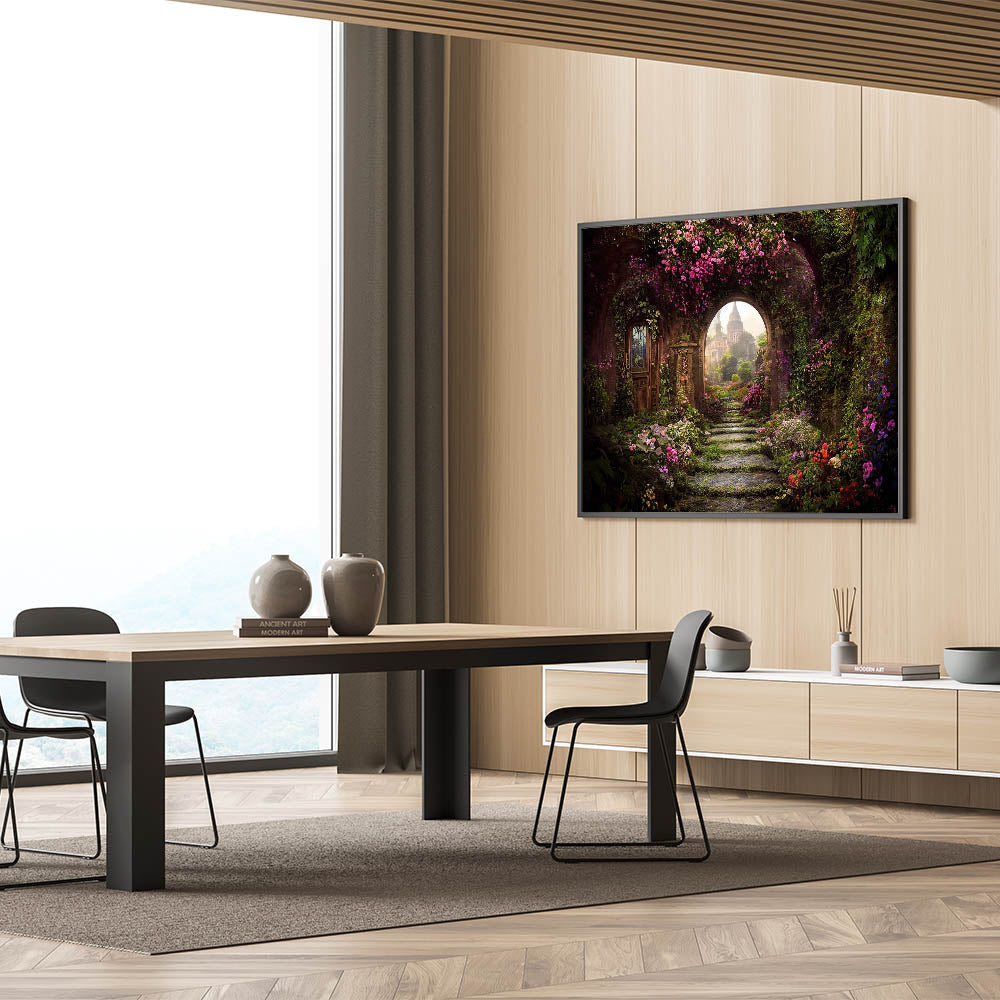 Infuse your home with the magical charm of our Mystical Garden Arch Wall Art. Whether displayed in a living room, bedroom, or study, this artwork will transport you to a world of beauty and wonder every time you see it.
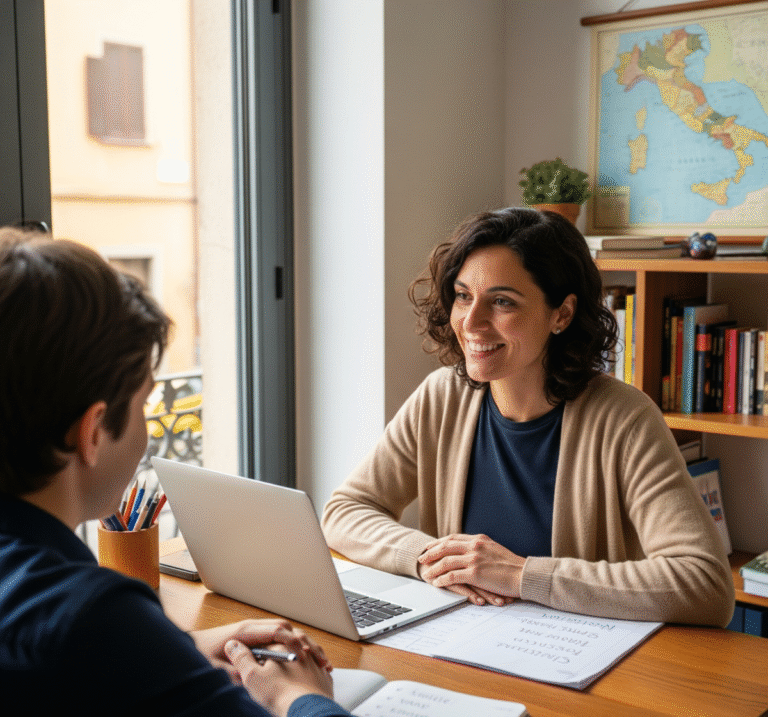 Studia quando vuoi, come vuoi, con un metodo cucito su di te Ogni percorso è costruito sulle tue esigenze: livello, obiettivi, passioni. Che tu voglia prepararti a un esame, migliorare la conversazione, leggere Dante o viaggiare in Italia, troverai un piano che ti rappresenta. Tutto si svolge online, in modo flessibile, professionale, comodo — ma mai impersonale.
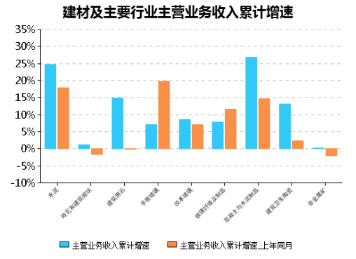 圖 8:建材及主要行業主營業務收入累計增速

----

ABOUT THIS TASK: Give every line of the listing above again, exactly, with no images.

PROBLEM SOLUTION:
 Infuse your home with the magical charm of our Mystical Garden Arch Wall Art. Whether displayed in a living room, bedroom, or study, this artwork will transport you to a world of beauty and wonder every time you see it.
 Studia quando vuoi, come vuoi, con un metodo cucito su di te Ogni percorso è costruito sulle tue esigenze: livello, obiettivi, passioni. Che tu voglia prepararti a un esame, migliorare la conversazione, leggere Dante o viaggiare in Italia, troverai un piano che ti rappresenta. Tutto si svolge online, in modo flessibile, professionale, comodo — ma mai impersonale.
 圖 8:建材及主要行業主營業務收入累計增速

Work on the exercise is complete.